A party has a prima facie right to test the evidence given by a witness through cross-examination. This is a critical means to building a body of evidence to support one’s case. However, if a party does not make adequate efforts to avail themselves of the opportunity to cross-examine, they may lose this benefit. The Honourable Madam Justice Sylvia Corthorn of the Ontario Superior Court of Justice addresses this issue in her recent decision in Clayton v. Clayton et al., 2020 ONSC 7592.
Clayton involves an application to remove the trustees of two trusts that form part of an estate. The applicant in this case brought a motion for an order striking the affidavit sworn by one of the respondents and trustees, Shirley. Pursuant to a notice of cross-examination, Shirley was to be cross-examined on her affidavit on November 22, 2019. However, prior to the commencement of cross-examinations, Shirley’s counsel advised that she would not be produced for cross-examination due to concerns about her mental capacity. Counsel agreed that an assessment of Shirley’s capacity to be cross-examined was necessary and consequently, she was not cross-examined. The applicant did not obtain a certificate of non-attendance with respect to Shirley’s cross-examination and no notice to cross-examine Shirley on a subsequent date was served.
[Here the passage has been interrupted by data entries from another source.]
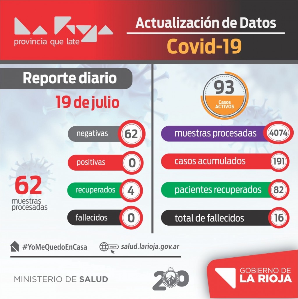 El reporte provincial indica que se procesaron 62 muestras y todas resultaron negativas, con lo cual La Rioja tiene 93 casos activos, 83 personas recuperadas y 16 fallecimientos desde que comenzó la pandemia.
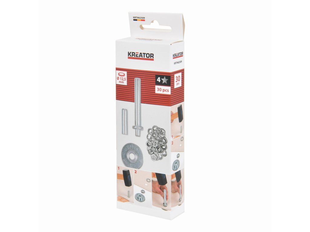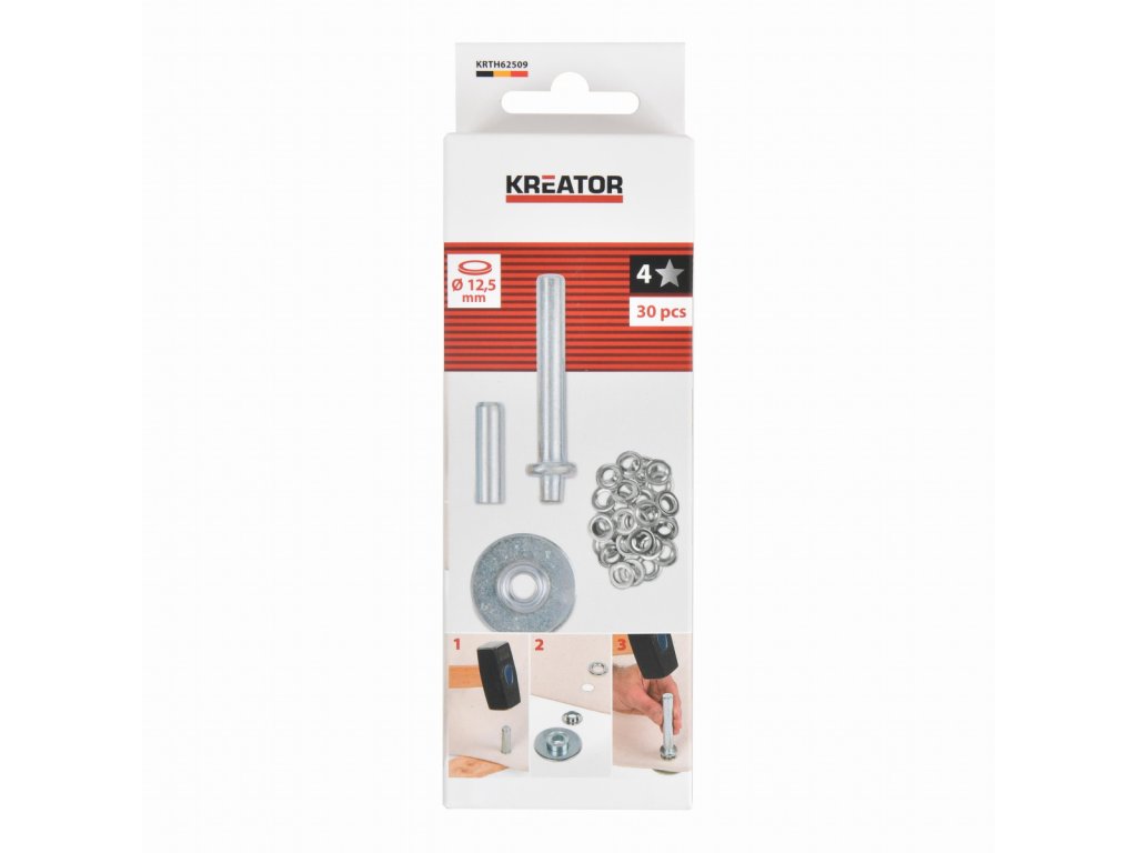 Tento ruční nástroj na nýtovací očka KRTH62509 od Kreator lze použít k připevnění oček s maximálním průměrem 12,5 mm k plachtám a jiným textiliím. Toto se provádí pomocí kladiva.Obsah balení:
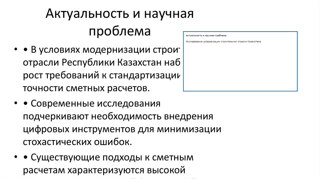 Актуальность и научнаяпроблема
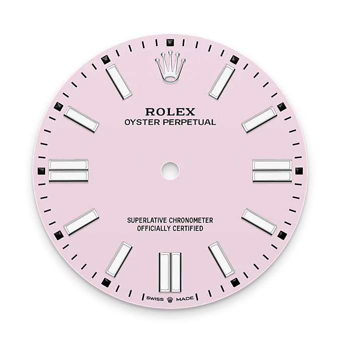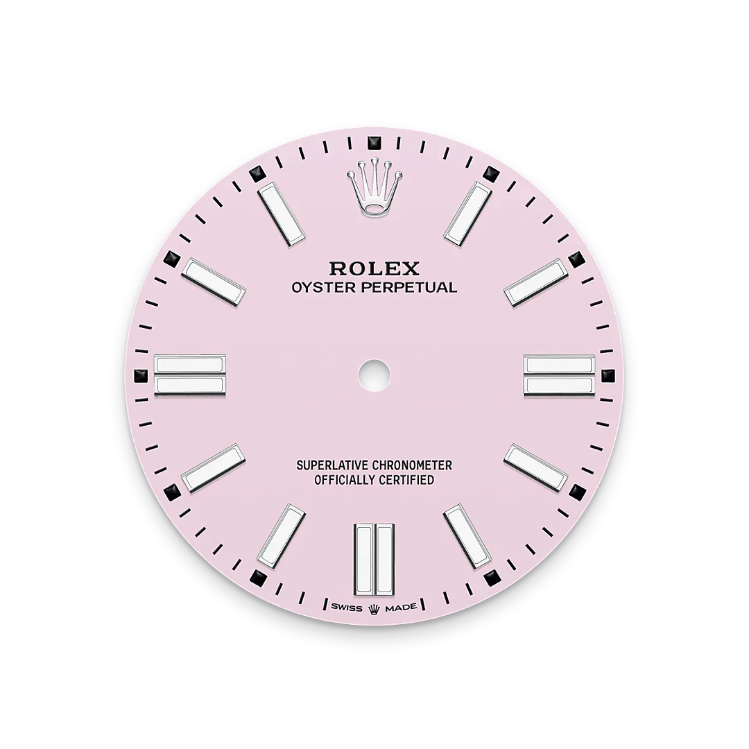 The colours created for the Oyster Perpetual range start life as a lacquer, which must be meticulously applied in a controlled-atmosphere environment to avoid dust and other contamination. The brass plate of the dial base receives layer upon layer of lacquer, six in all, to form a regular, uniform surface. The last step is varnishing and polishing to bring out the full brilliance and depth of colour. The various inscriptions are then pad printed, and the hour markers and crown riveted by hand. The dial, gleaming in its perfection, is all set to take its place on top of the movement at the watch assembly phase.
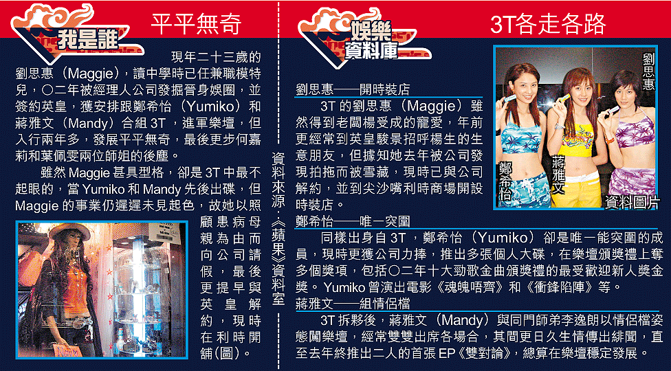 劉思惠、鄭希怡(Yumiko)和蔣雅文(Mandy)○二年組成英皇3T小花,推出EP《少女碟》。當時被喻為「翻版王菲」的Maggie,出碟前被公司看好彈出,想不到被黑馬Yumiko跑贏,

The geriatric assessment of Shirley was scheduled for May 2020 and then postponed to the fall of 2020 due to COVID-19. There was no evidence before the court as to whether this assessment was ever done. The hearing of the application was likewise delayed as a result of the pandemic. The application is currently scheduled to be heard in January 2021.
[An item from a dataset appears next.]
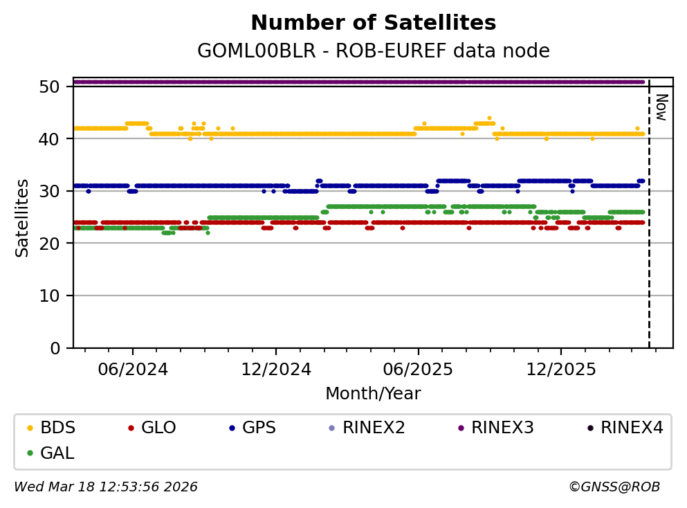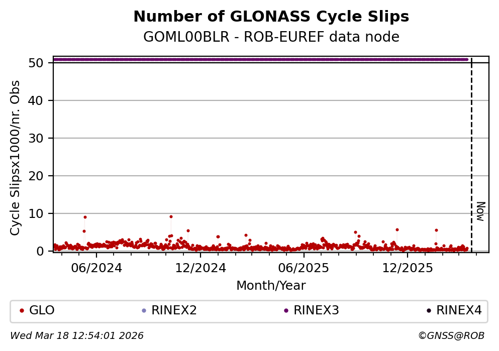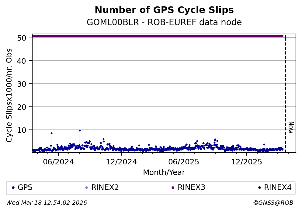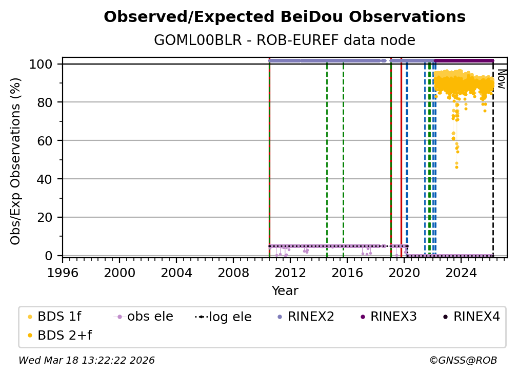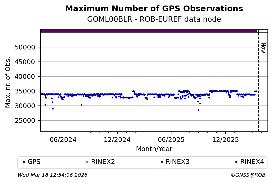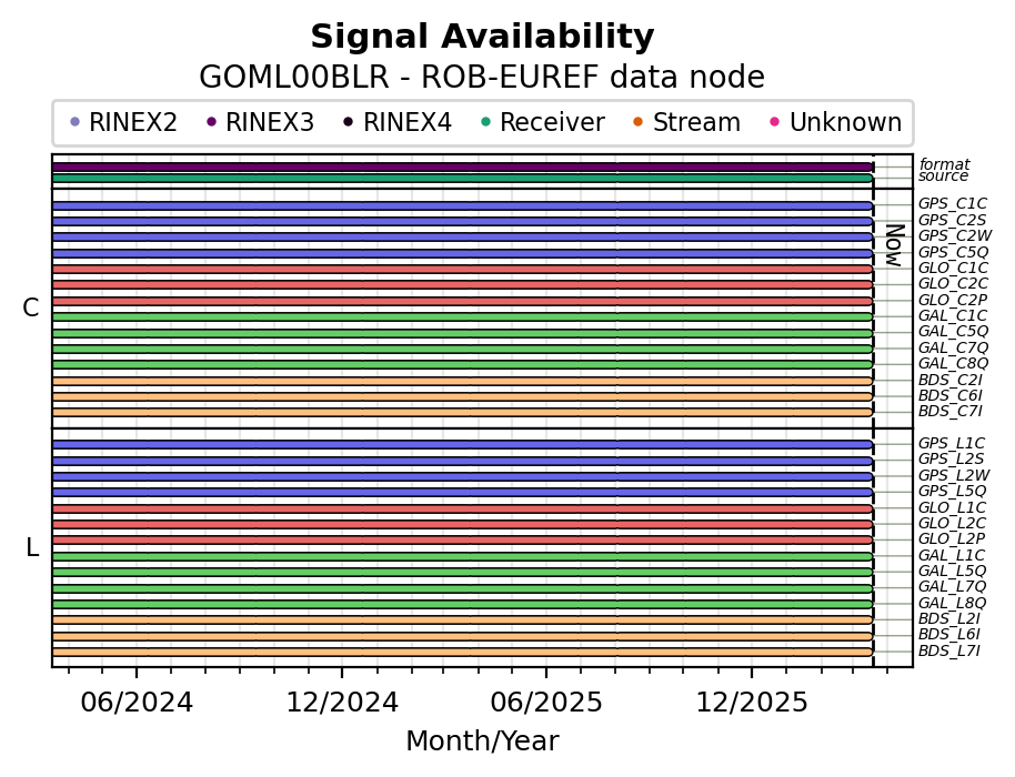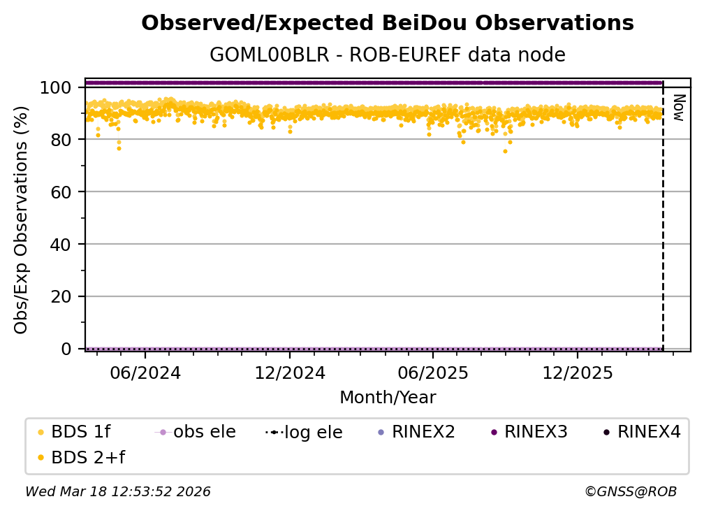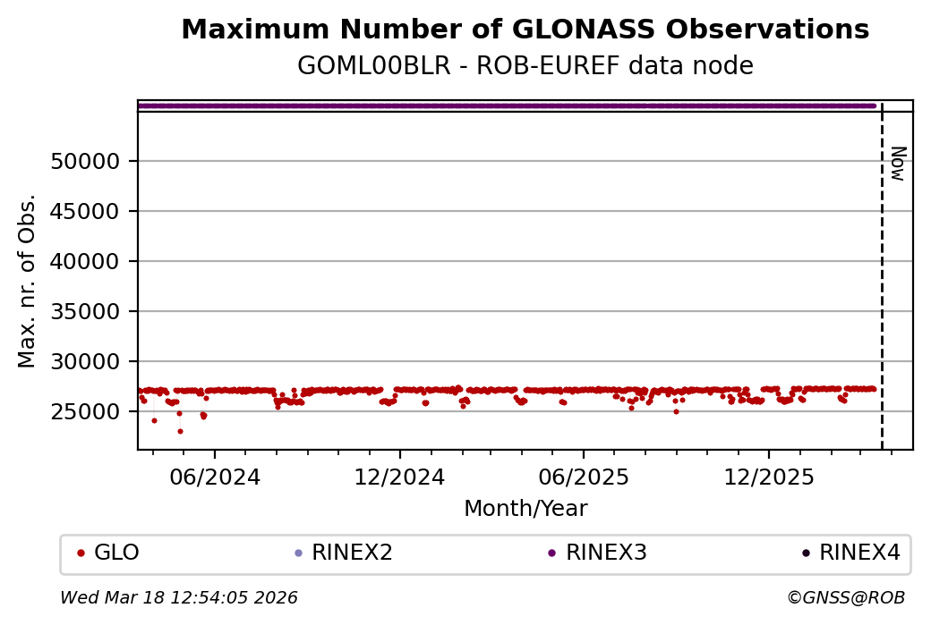 The plots below present the long-term tracking performance of the EPOS-GNSS station GOML00BLR based on the daily RINEX data available from the ROB-EUREF EPOS-GNSS data node. The data quality metrics have been computed at the data node using the G-Nut/Anubis software.

At no point after November 2019 did the applicant pursue cross-examination of Shirley. When the application returned to court in September 2020, the applicant took the position that Shirley’s affidavit cannot be used on the application in light of her supposed incapacity and the respondents’ alleged refusal to permit cross-examination. The applicant then brought a motion requesting that the affidavit be struck in its entirety on the grounds that the admission of this evidence would be prejudicial to the fairness of the hearing and constitute an abuse of process.
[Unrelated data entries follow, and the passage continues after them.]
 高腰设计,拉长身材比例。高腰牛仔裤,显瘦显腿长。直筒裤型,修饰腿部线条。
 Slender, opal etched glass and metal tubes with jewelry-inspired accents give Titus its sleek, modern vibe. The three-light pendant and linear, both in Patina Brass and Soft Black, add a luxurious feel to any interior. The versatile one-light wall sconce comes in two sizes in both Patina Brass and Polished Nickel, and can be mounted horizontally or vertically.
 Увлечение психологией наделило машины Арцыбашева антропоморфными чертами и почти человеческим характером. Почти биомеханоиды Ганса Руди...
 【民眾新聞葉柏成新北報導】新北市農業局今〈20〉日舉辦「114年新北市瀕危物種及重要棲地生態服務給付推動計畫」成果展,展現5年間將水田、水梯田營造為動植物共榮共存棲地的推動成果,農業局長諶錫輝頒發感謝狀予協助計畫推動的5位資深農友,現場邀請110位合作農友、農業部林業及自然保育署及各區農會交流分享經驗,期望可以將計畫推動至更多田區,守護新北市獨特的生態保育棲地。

Justice Corthorn dismissed the applicant’s motion. She found that he did not take any steps, prior to bringing this motion, to seek the assistance of the court in determining the steps required to address concerns with respect to Shirley’s affidavit and whether she could be cross-examined. She also considered that the application had already been adjourned three times and that the applicant had not requested a further adjournment to permit cross-examination of Shirley. Justice Corthorn affirmed that the court has discretion to prevent or limit cross-examination where it is in the interests of justice to do so. She decided that in this case, it is fair to both the process and the parties to admit Shirley’s affidavit and leave the issue of the weight to be given to her evidence to be determined with the benefit of the complete record. The parties would also have the opportunity to make submissions with respect to the weight to be given to Shirley’s evidence, and this will permit the court to control the process and avoid an abuse of it.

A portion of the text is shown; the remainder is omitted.